INSTRUCTIONS FOR THE TASK: From the records below, extract only the lines running from the line with "中国乔丹 T恤 飞影系列绒面纯色后背文字印花防风透气吸湿速干排汗马拉松田径加绒加厚立领长袖T恤" to the line with "HOT PINK WIND BREAKER WITH HOOD AND POCKETS", both lines included, reproducing them exactly.

RECORD SET:
+-------+

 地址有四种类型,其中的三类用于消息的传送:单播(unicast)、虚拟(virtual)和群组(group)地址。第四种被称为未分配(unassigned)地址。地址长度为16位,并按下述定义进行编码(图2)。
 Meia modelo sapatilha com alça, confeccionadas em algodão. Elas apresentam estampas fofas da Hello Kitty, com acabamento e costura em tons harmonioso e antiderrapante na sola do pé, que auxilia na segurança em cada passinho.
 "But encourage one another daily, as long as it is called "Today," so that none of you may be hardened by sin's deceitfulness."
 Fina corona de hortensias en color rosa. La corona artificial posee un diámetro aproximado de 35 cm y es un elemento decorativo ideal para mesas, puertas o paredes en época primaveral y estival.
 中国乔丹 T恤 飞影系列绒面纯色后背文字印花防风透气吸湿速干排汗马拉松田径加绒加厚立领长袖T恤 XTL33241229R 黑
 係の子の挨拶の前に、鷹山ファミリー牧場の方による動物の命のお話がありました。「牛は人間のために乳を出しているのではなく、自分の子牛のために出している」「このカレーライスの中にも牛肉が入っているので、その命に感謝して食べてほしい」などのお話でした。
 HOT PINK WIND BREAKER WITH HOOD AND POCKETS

+-------+

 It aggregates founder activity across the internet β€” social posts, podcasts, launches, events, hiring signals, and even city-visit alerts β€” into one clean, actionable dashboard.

+-------+

OUTPUT FOR THIS TASK:
 中国乔丹 T恤 飞影系列绒面纯色后背文字印花防风透气吸湿速干排汗马拉松田径加绒加厚立领长袖T恤 XTL33241229R 黑
 係の子の挨拶の前に、鷹山ファミリー牧場の方による動物の命のお話がありました。「牛は人間のために乳を出しているのではなく、自分の子牛のために出している」「このカレーライスの中にも牛肉が入っているので、その命に感謝して食べてほしい」などのお話でした。
 HOT PINK WIND BREAKER WITH HOOD AND POCKETS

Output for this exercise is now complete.